Human capital expenditure
This refers to government expenditure on staffing by investing in education and training.
Recognition lags
There is a time lag in recognising that government intervention is needed to affect the level of economic activity.
This is because governments do not necessarily know if the economy is growing too fast (or declining too quickly).
Macro Administrative lags
There is a time delay between recognising the need for fiscal policy intervention and actually implementing appropriate action,
such as approving tax changes or alterations to the government budget.
Impact lags
There is a time lag between implementing fiscal policy and seeing the actual effects on the economy.

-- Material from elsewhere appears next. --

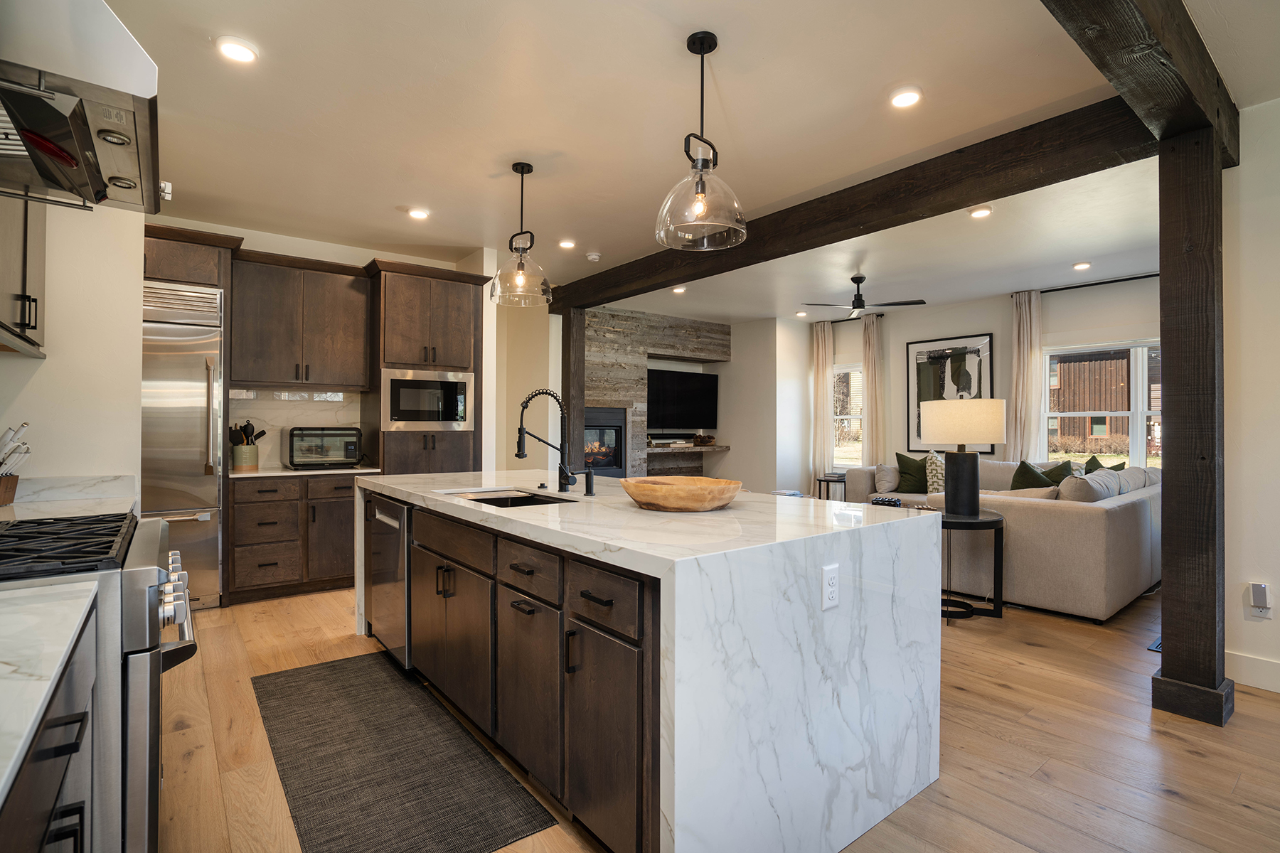 The main level welcomes with an open-concept chef's kitchen, dining area, and living room anchored by a gas fireplace. Covered outdoor patios extend the living space into the mountain air, where views of the surrounding peaks provide a constant and breathtaking backdrop. A well-appointed mudroom off the two-car garage ensures that the transition from the outdoors in is seamless.
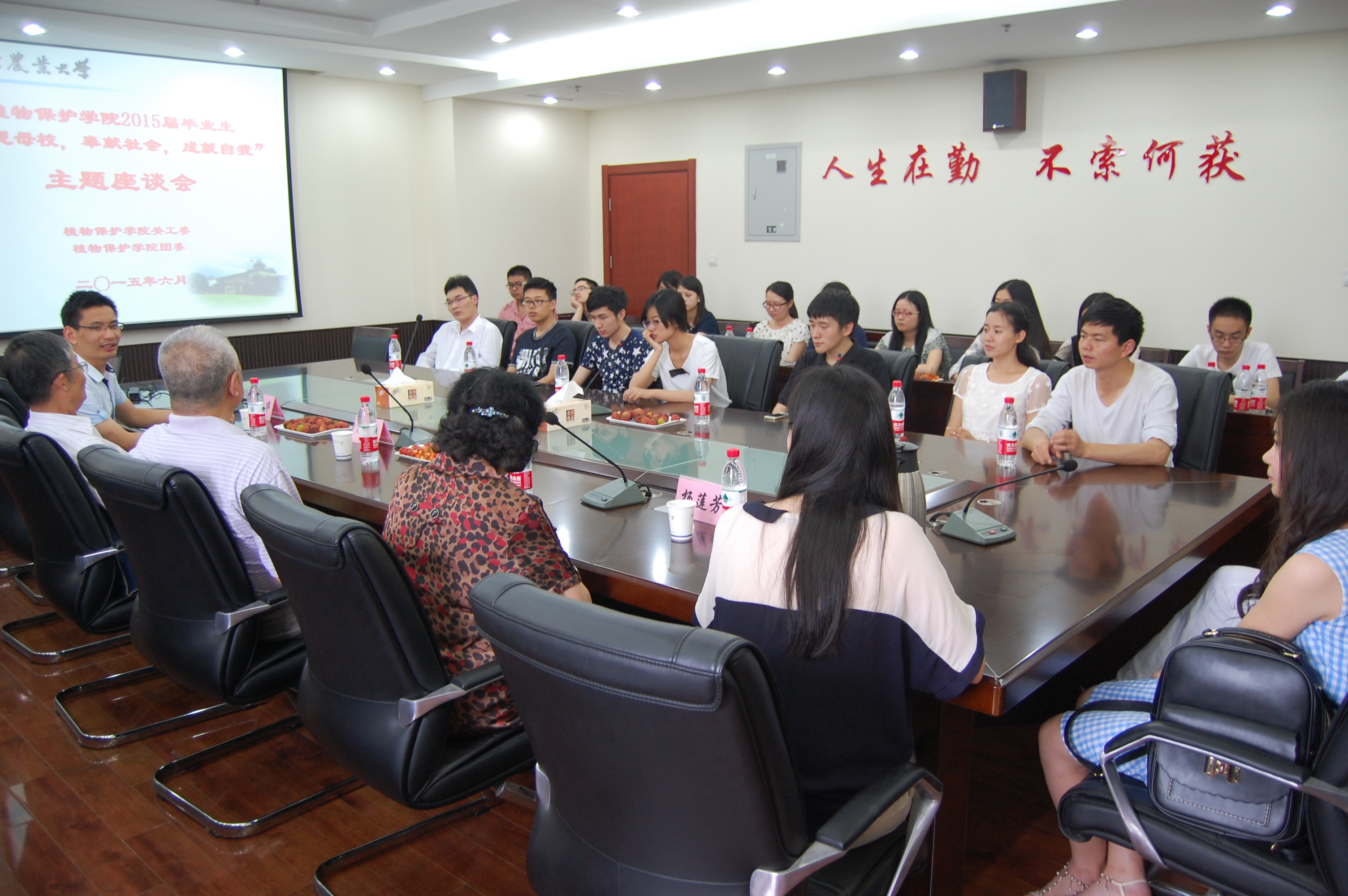 在理科楼C306报告厅召开2015届毕业生“感恩母校,奉献社会,成就自我”主题座谈会。退休教授沈晋良、王金生、杨莲芳,院党委副书记黄绍华,院辅导员李艳丹出席会议。

A cut in income tax, for example, will take time to have a significant impact on the spending habits of households.
Government budget
A financial plan of how much tax revenue will be collected and where it will be spent over a period of time (usually one year).
Budget deficit
When government expenditure is greater than government revenue
Budget surplus
When government revenue is greater than government expenditure.
Types of direct tax
Personal income tax
Corporate income tax
Wealth tax
Capital gains tax
Inheritance tax
Windfall tax
Payroll tax
Types of indirect tax
Sales tax
Excise tax
Customs duty (tariffs)
Carbon tax
Stamp duty
Progressive tax system
A system where the proportion of income tax increases as income increases.
This means that as someone’s income or profits increase, they will have to pay a higher proportion (percentage) of their income or profit as tax.
Regressive tax system
A system where the proportion of income tax decreases as income increases.
This means that as someone’s income or profits increase, they will have to pay a lower proportion (percentage) of their income or profit as tax.
proportional tax system
A system where the proportion of income deducted as tax stays the same whatever the income level of the individual or the profits of a business.
Tax base
Tax based on the total amount of assets, property and revenue a government can tax.
Tax burden
The total amount of tax that individuals and firms pay to the government.
It is expressed as a percentage of the economy’s total gross domestic product (GDP).
Money supply
The total amount of money circulating in an economy at any one given time.
Money involves the currency (notes and coins), and money in deposit and current accounts.
Monetary supply
Controlling the money supply in an economy by changing interest rates and the amount of currency in circulation.
Interest rates
Determines the price of borrowing money or the return from saving money in the bank.